Vance has said he was surprised when his best-selling book was embraced as a primer for national political pundits leading up to — and especially after — last year’s presidential election. It proved popular as sort of a Rosetta Stone for the country’s news media in deciphering President Donald Trump’s support among America’s poor working class.
Vance has since made the national TV media rounds, expanding on one of the book’s key themes: The controlling governmental, business, entertainment and academic elites of America have little if any understanding of the significant demographic composed of this often overlooked segment of our society.
Moreover, the divide continues.
Just last week at Vance’s former college — Yale University — Dean June Chu of the school’s Pierson College was placed on leave after posting Yelp reviews calling customers at local restaurants “white trash” and “low class folks,” according to media accounts.
Vance shook his head recalling the incident.
His years at Yale were marked by persistent reminders that his poor Appalachian roots made him an anomaly there.

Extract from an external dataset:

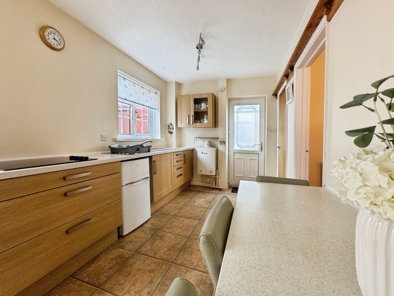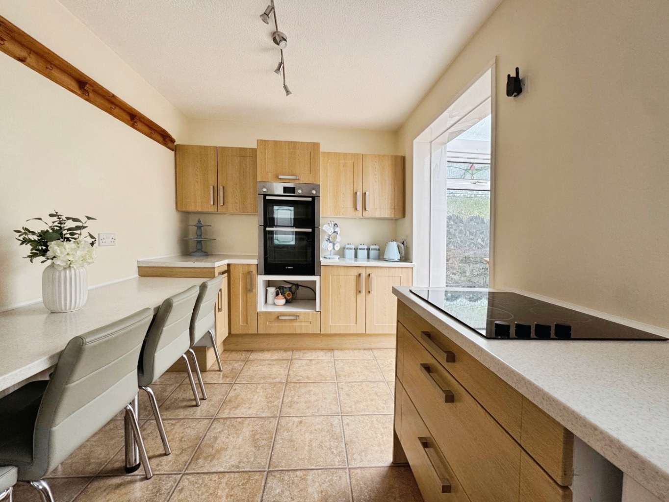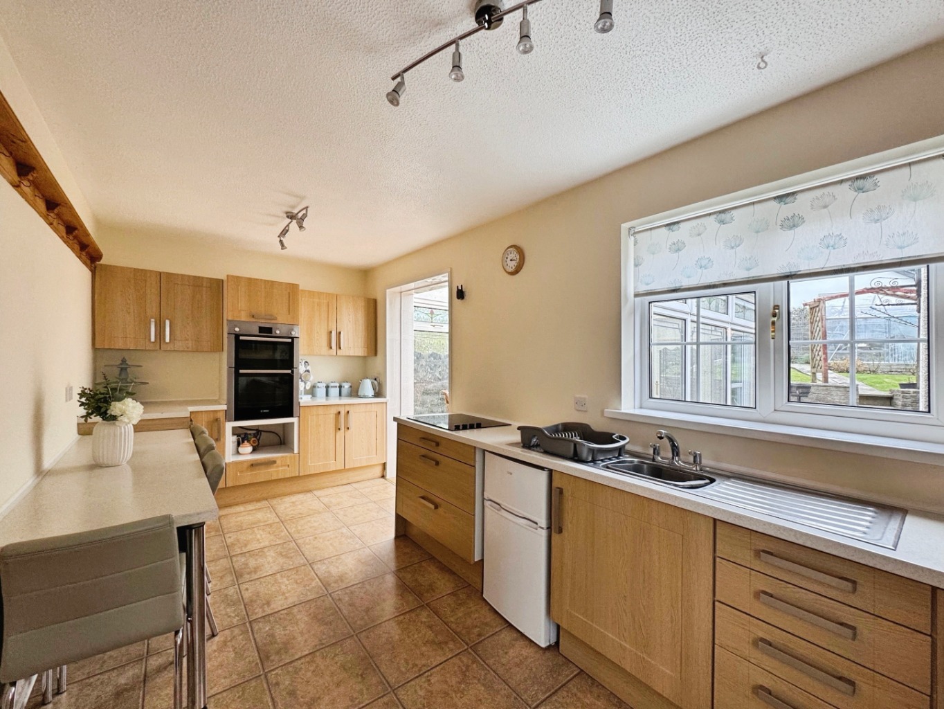 Fitted with a range of matching wall and base units with work surface over, four ring ceramic hob, stainless steel sink with two drainers and mixer tap, eye level oven and grill, space for under counter fridge/freezer, wall mounted gas boiler, tiled floor, obscure uPVc double glazed door, uPVC double glazed window, breakfast bar, door to under stairs storage cupboard, opening into:

“When I saw that story I just thought it is unfortunately an attitude that exists a little bit too much in elite institutions. This idea that people aren’t worthwhile (or) they are not good because of where they came from, or maybe because of their accent or their approach to thinking about the world,” he said.
“That’s one of the reasons I wrote the book, because I think that attitude is very real. And it’s unfortunately something I really do think drives a divide between educational institutions’ so-called elites and a lot of folks who are just working and trying to get by. I was pretty disappointed when I heard those remarks,” said Vance.

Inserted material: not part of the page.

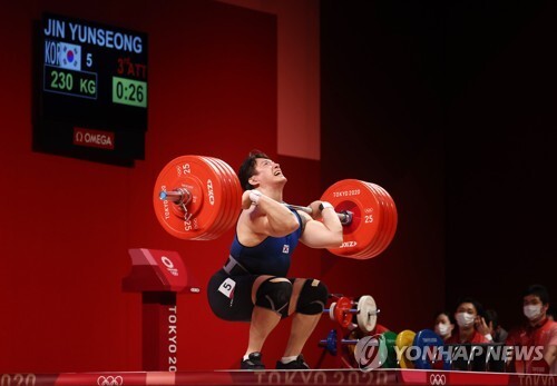 | ▲ 3일 일본 도쿄국제포럼에서 열린 도쿄올림픽 역도 남자 109kg급에 출전한 진윤성이 용상 3차 시기에서 230kg을 들어올리다 실패하고 있다. [도쿄=연합뉴스] |

Though he understands the media’s focus on the darker sides of his memoir — and has freely discussed his own and his family’s personal challenges — Vance said there are other, more positive pieces to the puzzle of his life he wishes would get more attention.

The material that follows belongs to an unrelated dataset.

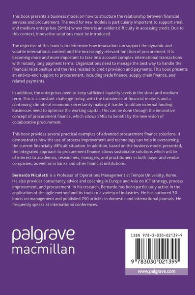 The objective of this book is to determine how innovation can support the dynamic and volatile international context and the increasingly relevant function of procurement. It is becoming more and more important to take into account complex international transactions with notably long payment terms. Organizations need to manage the best way to handle the financial relationships and the risks related to credit provision and payments. This book presents an end-to-end support to procurement, including trade finance, supply chain finance, and related payments.

He was wary of running into similar prejudice among the well-documented elitist attitudes of some in Hollywood.
He turned down other movie producers for those reasons until meeting with Howard, a two-time Academy Award-winning director, whom he said understood the importance of portraying key figures in his life story beyond a two-dimensional scale.
“I was definitely worried about that. But what I really liked about Ron Howard is that he seemed to take a really compassionate and a really sympathetic eye to the problems I wrote about,” Vance said.
He hopes some of the movie will be shot in Middletown.
Which Hollywood star does he want to play him?
“Chris Pratt,” he said, laughing in reference to the popular star of the recently released “Guardians of the Galaxy Vol. 2.” “So people will think I’m better looking than I actually am.”